Required action
In your copy, leave out the pictures and output only the lines from the one holding "Red paint splatters" through the end of the data below, exactly.
········
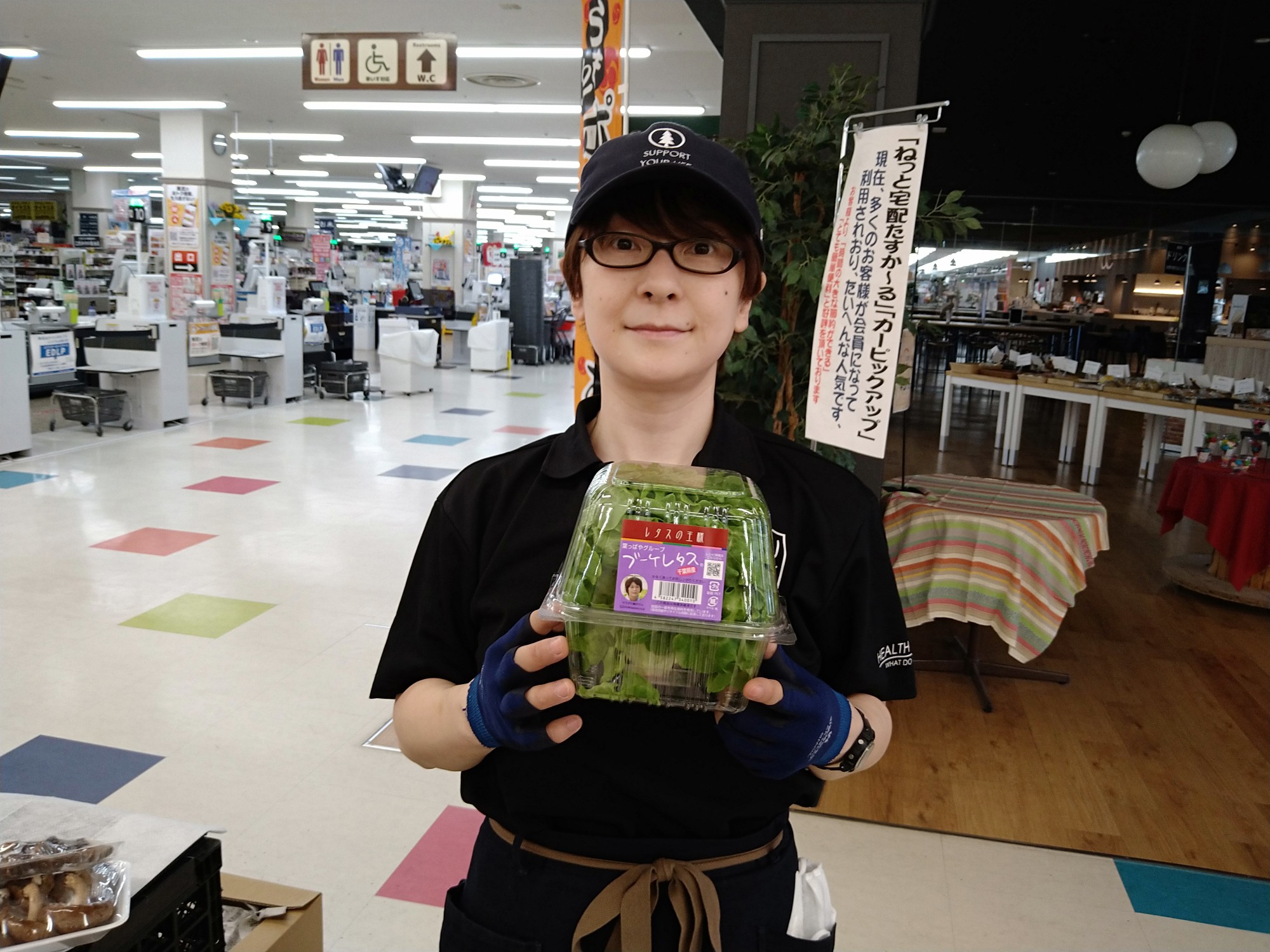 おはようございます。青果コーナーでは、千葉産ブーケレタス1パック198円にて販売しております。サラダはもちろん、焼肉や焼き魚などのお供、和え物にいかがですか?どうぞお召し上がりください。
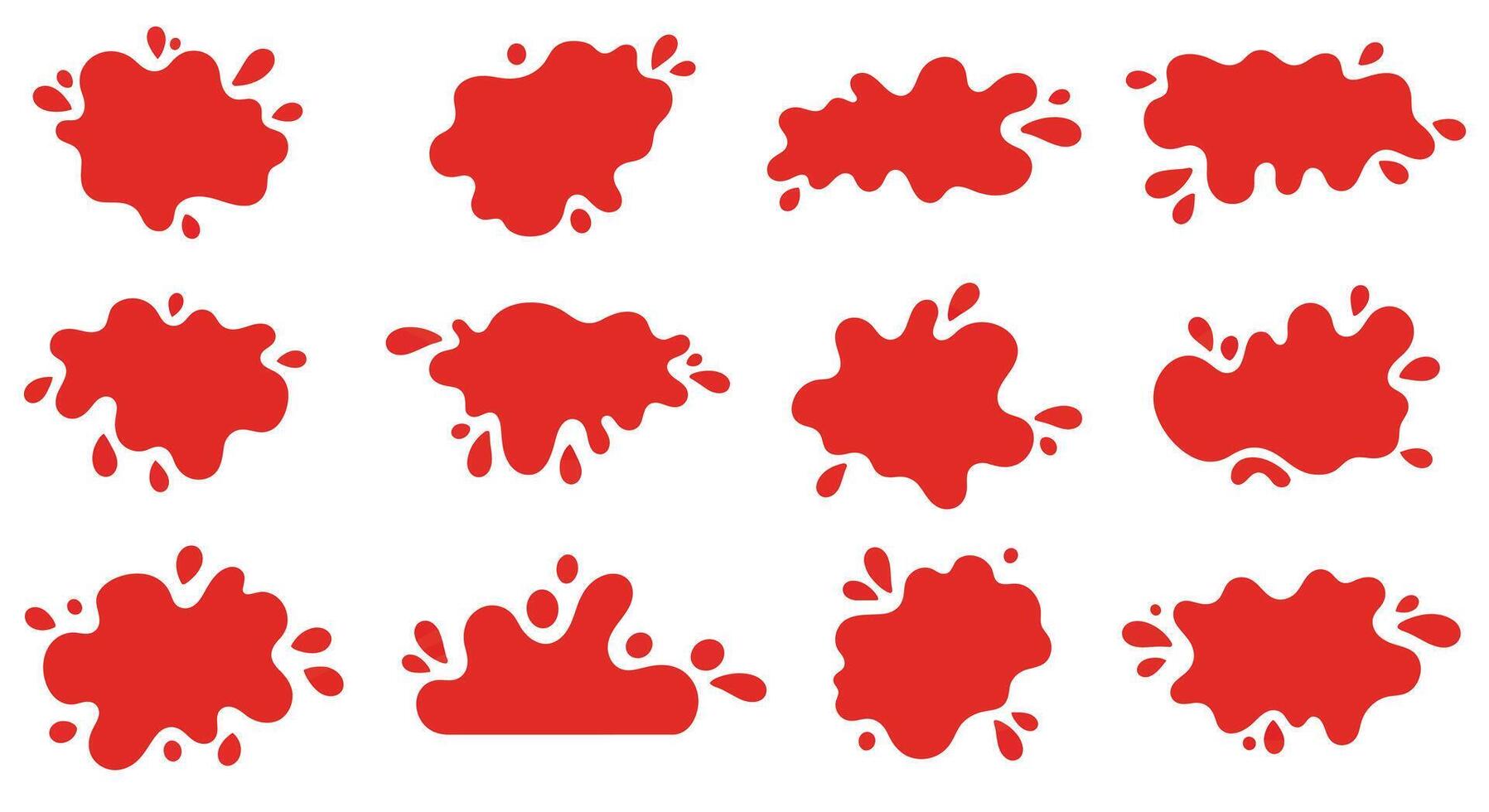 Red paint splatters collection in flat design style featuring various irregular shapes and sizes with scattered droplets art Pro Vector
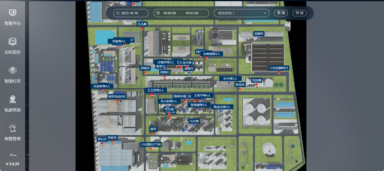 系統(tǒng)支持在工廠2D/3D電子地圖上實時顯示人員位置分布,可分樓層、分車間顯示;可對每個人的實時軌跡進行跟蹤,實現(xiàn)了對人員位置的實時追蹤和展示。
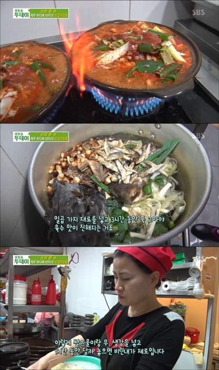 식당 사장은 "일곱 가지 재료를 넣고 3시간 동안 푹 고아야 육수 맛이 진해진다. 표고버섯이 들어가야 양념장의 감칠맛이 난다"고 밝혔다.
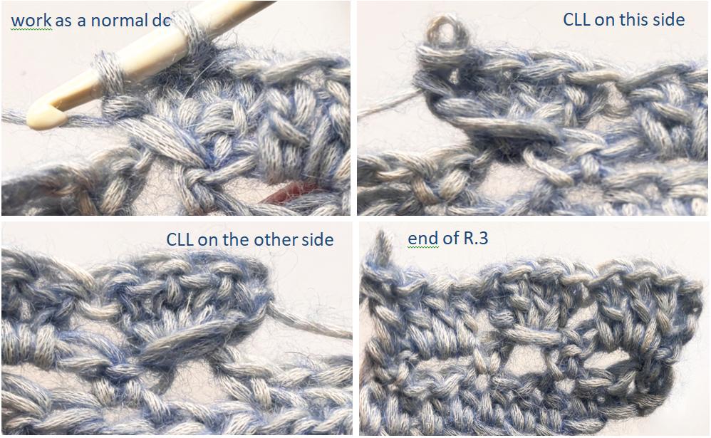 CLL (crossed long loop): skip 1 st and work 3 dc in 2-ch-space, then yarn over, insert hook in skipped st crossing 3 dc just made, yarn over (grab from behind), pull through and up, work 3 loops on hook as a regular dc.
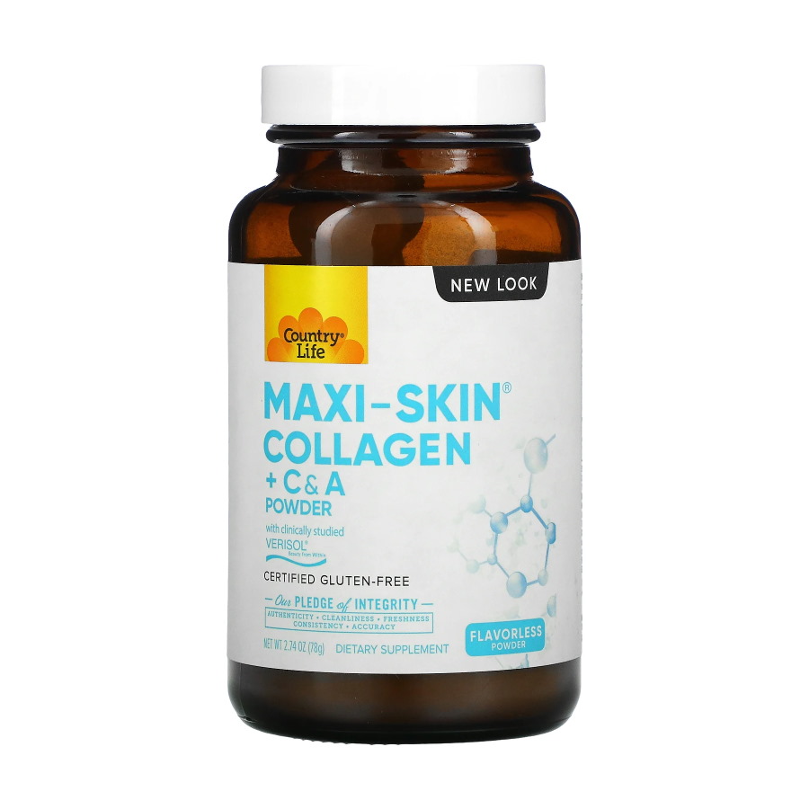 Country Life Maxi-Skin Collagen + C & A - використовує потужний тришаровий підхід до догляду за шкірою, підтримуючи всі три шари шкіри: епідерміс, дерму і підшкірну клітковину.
········
Response to this task
 Red paint splatters collection in flat design style featuring various irregular shapes and sizes with scattered droplets art Pro Vector
 系統(tǒng)支持在工廠2D/3D電子地圖上實時顯示人員位置分布,可分樓層、分車間顯示;可對每個人的實時軌跡進行跟蹤,實現(xiàn)了對人員位置的實時追蹤和展示。
 식당 사장은 "일곱 가지 재료를 넣고 3시간 동안 푹 고아야 육수 맛이 진해진다. 표고버섯이 들어가야 양념장의 감칠맛이 난다"고 밝혔다.
 CLL (crossed long loop): skip 1 st and work 3 dc in 2-ch-space, then yarn over, insert hook in skipped st crossing 3 dc just made, yarn over (grab from behind), pull through and up, work 3 loops on hook as a regular dc.
 Country Life Maxi-Skin Collagen + C & A - використовує потужний тришаровий підхід до догляду за шкірою, підтримуючи всі три шари шкіри: епідерміс, дерму і підшкірну клітковину.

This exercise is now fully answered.